Presumably that sells papers. But buried beneath the headlines and noted in passing is something voters might want to consider: the fact that during Clinton’s years as secretary of state, Abedin was a “triple-dipper.”
In June 2012, after Weiner resigned from Congress after the first revelations of his sexting, Abedin was granted “special government employee” status which allowed her to work and collect money from the Clinton Foundation and from the Teneo consulting firm founded by Bill Clinton’s close aide Doug Band at the same time she was being paid as a top aide to Secretary of State Clinton.
This was an unusual arrangement. Government appointees are usually required to resign from their previous jobs, and contracts granting them deferred compensation need to be renegotiated. The reason is obvious: They shouldn’t be serving two masters.
The reason for Abedin’s triple-dipping seems obvious as well: She wanted more money. It’s expensive to maintain homes in both New York and Washington, especially when your spouse is out of a job. (Although it’s cheaper if you move from a Manhattan apartment to one in Weiner’s Brooklyn/Queens district.)
But why did Clinton agree to (insist on?) this arrangement? Sen. Charles Grassley has been asking this question since 2013. He has noted that ordinarily “special government employees” are not allowed to hold this status for more than 130 days, but Abedin triple-dipped for up to 245 days.
“Congress specified a time restriction for a reason,” Grassley said recently. “Special government employees are supposed to temporarily offer specialized expertise that the taxpayers can’t get anywhere else.
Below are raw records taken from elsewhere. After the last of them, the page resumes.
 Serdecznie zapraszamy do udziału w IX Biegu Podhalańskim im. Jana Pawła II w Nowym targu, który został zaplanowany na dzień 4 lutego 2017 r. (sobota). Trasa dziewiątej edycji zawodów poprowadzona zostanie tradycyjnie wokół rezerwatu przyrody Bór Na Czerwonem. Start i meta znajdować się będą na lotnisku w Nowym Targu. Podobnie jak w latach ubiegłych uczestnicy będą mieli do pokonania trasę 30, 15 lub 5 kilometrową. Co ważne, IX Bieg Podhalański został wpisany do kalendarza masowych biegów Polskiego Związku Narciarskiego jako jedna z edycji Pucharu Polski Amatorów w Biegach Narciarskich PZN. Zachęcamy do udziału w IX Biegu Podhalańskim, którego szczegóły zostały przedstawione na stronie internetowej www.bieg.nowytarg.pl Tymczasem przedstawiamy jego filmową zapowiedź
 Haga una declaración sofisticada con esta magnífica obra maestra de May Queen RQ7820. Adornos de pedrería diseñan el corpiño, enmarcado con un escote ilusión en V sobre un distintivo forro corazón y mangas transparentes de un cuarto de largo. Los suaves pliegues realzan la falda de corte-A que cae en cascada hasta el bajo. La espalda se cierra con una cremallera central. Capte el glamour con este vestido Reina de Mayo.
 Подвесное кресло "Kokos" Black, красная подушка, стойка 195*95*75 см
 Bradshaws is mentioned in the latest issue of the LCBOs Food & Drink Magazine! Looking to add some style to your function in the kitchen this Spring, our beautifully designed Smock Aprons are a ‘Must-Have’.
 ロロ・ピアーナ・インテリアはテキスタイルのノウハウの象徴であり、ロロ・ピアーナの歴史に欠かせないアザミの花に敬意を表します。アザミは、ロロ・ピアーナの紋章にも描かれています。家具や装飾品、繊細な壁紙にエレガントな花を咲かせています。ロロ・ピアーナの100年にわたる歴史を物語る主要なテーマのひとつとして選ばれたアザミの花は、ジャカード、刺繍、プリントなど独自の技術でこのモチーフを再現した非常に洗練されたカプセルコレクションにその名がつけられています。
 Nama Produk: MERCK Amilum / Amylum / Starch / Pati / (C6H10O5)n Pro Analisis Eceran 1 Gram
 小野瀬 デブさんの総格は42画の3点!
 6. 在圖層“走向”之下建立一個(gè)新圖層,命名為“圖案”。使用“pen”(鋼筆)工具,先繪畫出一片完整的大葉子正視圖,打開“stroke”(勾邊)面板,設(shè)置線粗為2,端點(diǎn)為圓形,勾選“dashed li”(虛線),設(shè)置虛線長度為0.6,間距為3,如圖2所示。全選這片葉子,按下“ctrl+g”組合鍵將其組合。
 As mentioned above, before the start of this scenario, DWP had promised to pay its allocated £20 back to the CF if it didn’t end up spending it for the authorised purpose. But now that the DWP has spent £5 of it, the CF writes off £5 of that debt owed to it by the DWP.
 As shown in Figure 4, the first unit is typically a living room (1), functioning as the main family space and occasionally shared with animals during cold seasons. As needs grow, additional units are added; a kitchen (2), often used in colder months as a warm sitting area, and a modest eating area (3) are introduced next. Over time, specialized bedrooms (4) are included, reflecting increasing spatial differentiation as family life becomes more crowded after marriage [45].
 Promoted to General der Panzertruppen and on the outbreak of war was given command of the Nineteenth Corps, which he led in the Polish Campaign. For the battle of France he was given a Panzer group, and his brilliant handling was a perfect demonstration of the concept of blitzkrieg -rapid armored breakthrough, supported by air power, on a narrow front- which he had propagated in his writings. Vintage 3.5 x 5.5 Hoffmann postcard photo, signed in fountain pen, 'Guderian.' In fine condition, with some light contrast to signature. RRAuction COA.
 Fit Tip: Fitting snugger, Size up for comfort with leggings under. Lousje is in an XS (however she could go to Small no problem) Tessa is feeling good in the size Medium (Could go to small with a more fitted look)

The time restriction makes clear they’re not supposed to be paid indefinitely while working for the private sector at the same time.”
The private sector in this case, of course, was the Clinton Foundation, which was paying Abedin something presumably in the six-figures for looking after its interests, which of course were by definition not entirely congruent with the government’s.
The State Department, in response to a federal judge’s order to disclose all papers relating to this decision by Sept. 30, says it hasn’t found any yet. No surprise there. Surely the hope in some quarters is that any papers won’t turn up until after Nov. 8.
Abedin, as the home-brew server email traffic has revealed, was clearly a conduit for the pay-to-play system in which Clinton Foundation donors received favorable treatment from the secretary of state. But perhaps creepy as well is a suggested overdependence by her boss.